Intelligent LLM routing for LiveKit voice agents
Project description
ai-switchboard
Intelligent LLM routing for LiveKit voice agents.
Route conversations between N named models based on topics, heuristic signals, and custom rules. Simple turns stay on the fast model for low latency; complex, friction-heavy, or topic-sensitive turns escalate to higher-tier models automatically.
The Switchboard is a drop-in llm.LLM replacement — no extra wiring needed.
Installation
pip install livekit-ai-switchboard
Requires Python 3.10+ and
livekit-agents >= 1.0
Quick Start
from ai_switchboard import Switchboard, SwitchboardConfig
from livekit.agents.pipeline import VoicePipelineAgent
from livekit.plugins import groq, openai
switchboard = Switchboard(
models={
"fast": groq.LLM(model="llama-3.3-70b-versatile"),
"smart": openai.LLM(model="gpt-4o"),
},
config=SwitchboardConfig(
model_topics={"smart": ["pricing", "billing"]},
),
)
agent = VoicePipelineAgent(llm=switchboard, ...)
That's it — "pricing" and "billing" messages route to the smart model, everything else stays fast.
Three Layers of Routing
Use as few or as many as you need. Each layer is additive.
1. Topics — config only, zero code
Map keywords to models. Any message containing a keyword routes to that model.
Switchboard(
models={"fast": fast_llm, "standard": std_llm, "premium": premium_llm},
config=SwitchboardConfig(
model_topics={
"premium": ["pricing", "billing", "legal"],
"standard": ["complaint", "support"],
},
),
)
2. Heuristic Escalation — config only
Auto-escalate when the conversation gets complex, frustrated, or heated. The Switchboard scores each turn using built-in signal detectors and escalates when the score exceeds your threshold.
SwitchboardConfig(
escalation_model="premium",
escalation_threshold=0.6,
)
3. Rules — opt-in, full control
Lambda conditions for custom logic — VIP routing, time-of-day, metadata checks, etc.
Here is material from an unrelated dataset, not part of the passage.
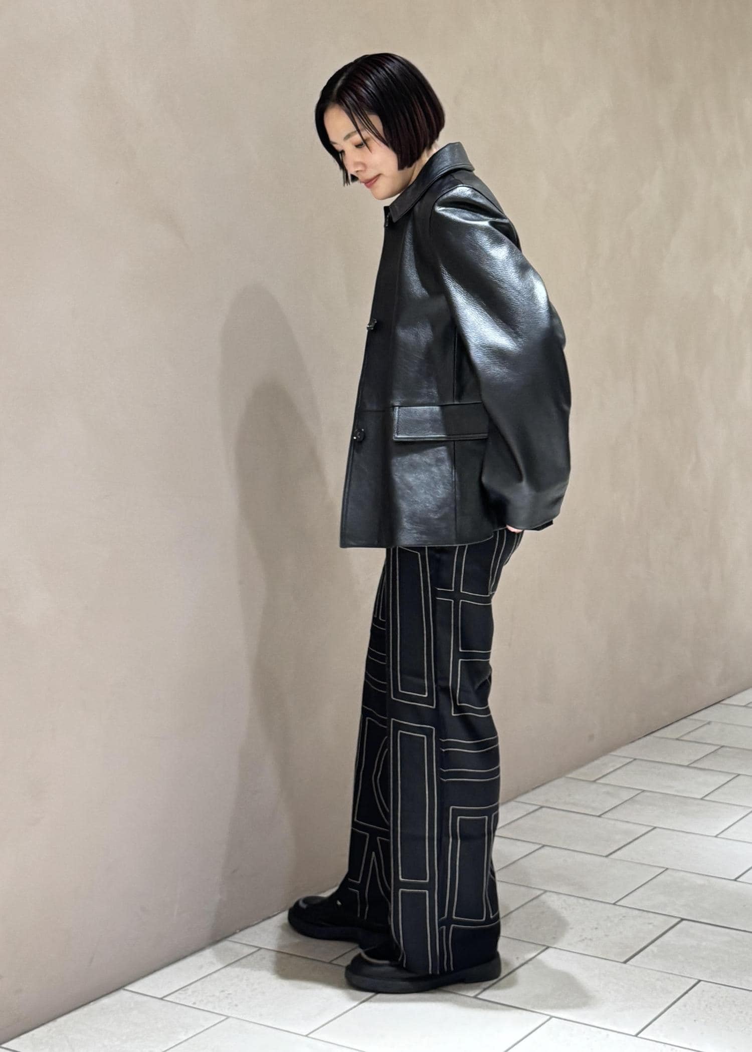 パンツはパジャマから着想を得たリラックス感のあるストレートシルエットが特徴。ウエストはゴムで楽ちんな履き心地。
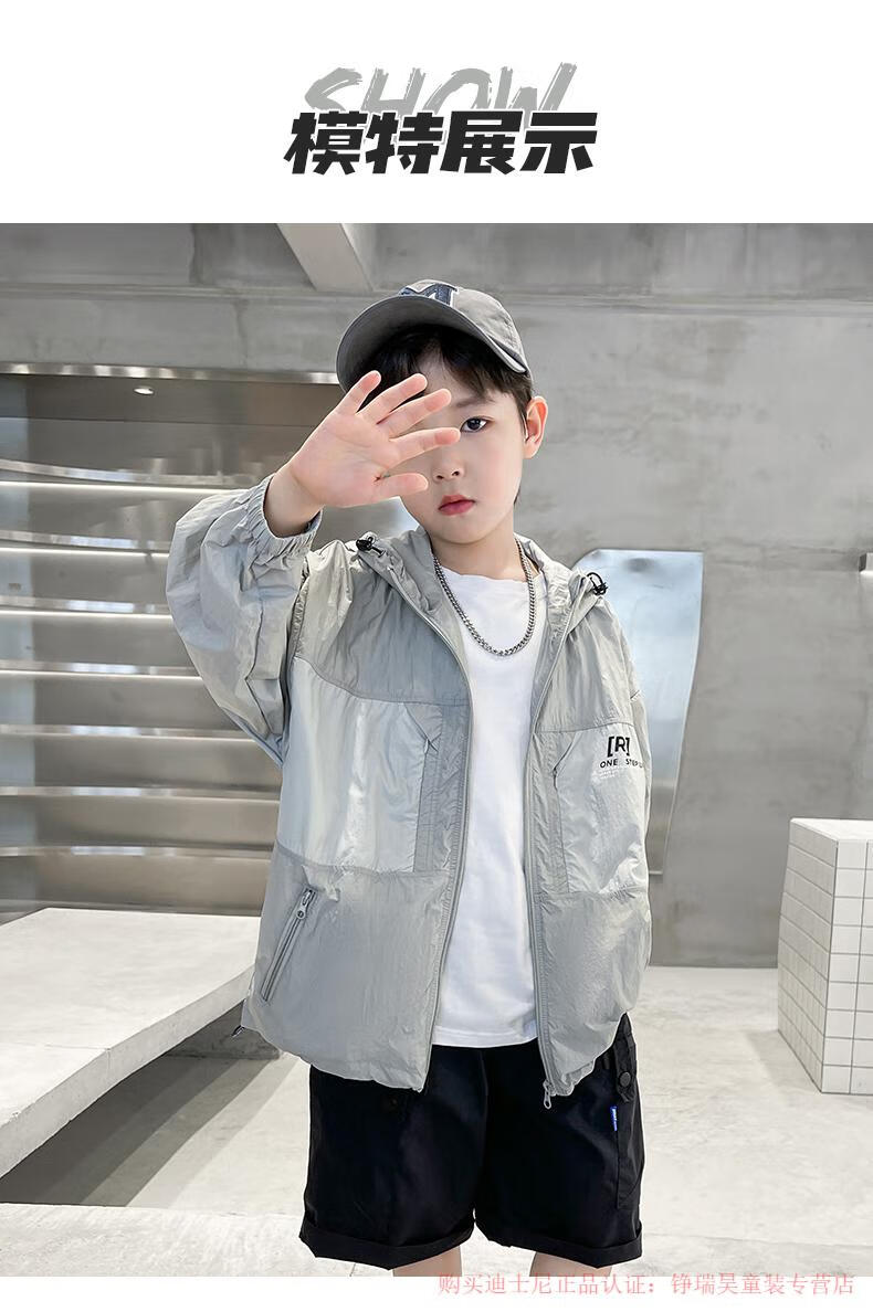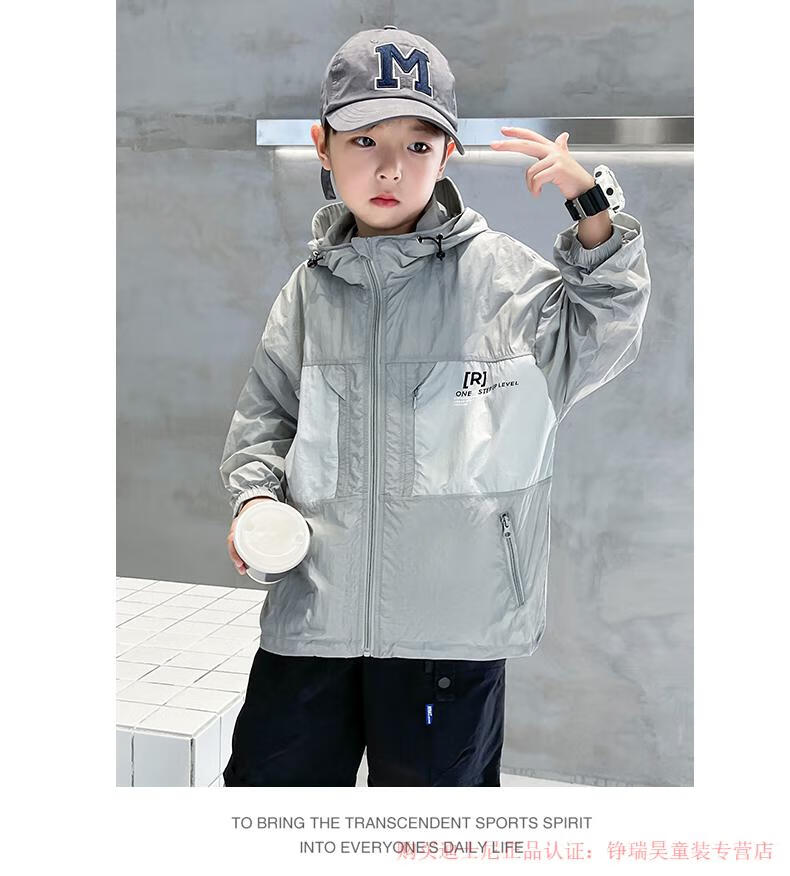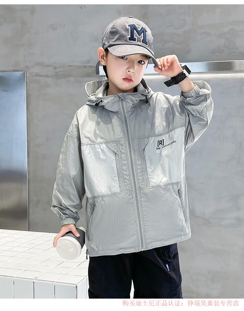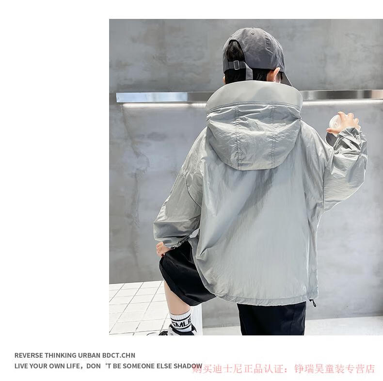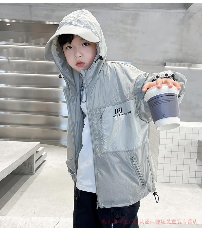 G.DUCKKIDS children's clothing boys summer sun protection clothing jacket 2025 new medium and large children summer boys thin breathable sun protection clothing gray 130 cm

Rules take highest priority and bypass cooldown.
from ai_switchboard import Rule
rules = [
Rule(
name="vip_customer",
condition=lambda ctx: "vip" in ctx.last_message.lower(),
use="premium",
priority=10,
),
]
How Routing Works
Every turn, the Switchboard evaluates in this order:
Rules (highest priority first, first match wins)
↓ no match
Topic keywords + Heuristic score → pick the higher-tier model
↓ nothing triggered
Default model (first in your models dict)
↓
Cooldown guard (holds current model for N turns after a switch)
↓
Forward chat() to the chosen model
Model tier is determined by insertion order — later in the dict means higher tier.
Heuristic Signals
| Signal | Category | Trigger | Weight |
|---|---|---|---|
long_input |
Complexity | Word count > 25 | 0.20 |
multi_question |
Complexity | 2+ question marks | 0.30 |
complexity_words |
Complexity | "explain", "compare", "why"... | 0.20 |
pushback |
Friction | "no", "that's wrong", "incorrect"... | 0.40 |
frustration |
Friction | "confused", "doesn't make sense"... | 0.35 |
repeat_request |
Friction | "say that again", "can you repeat"... | 0.25 |
interruption |
Conversation | User cut agent off | 0.20 |
low_stt_confidence |
Voice | STT confidence below threshold | 0.30 |
long_audio_turn |
Voice | Audio duration above threshold | 0.15 |
topic_match |
Topic | Developer-defined keyword hit | 0.50 |
Weights are summed and capped at 1.0. Default escalation threshold: 0.60.
Full Configuration
from ai_switchboard import Switchboard, SwitchboardConfig
sb = Switchboard(
models={
"fast": fast_llm,
"standard": std_llm,
"premium": premium_llm,
},
config=SwitchboardConfig(
default_model="fast", # fallback (default: first in dict)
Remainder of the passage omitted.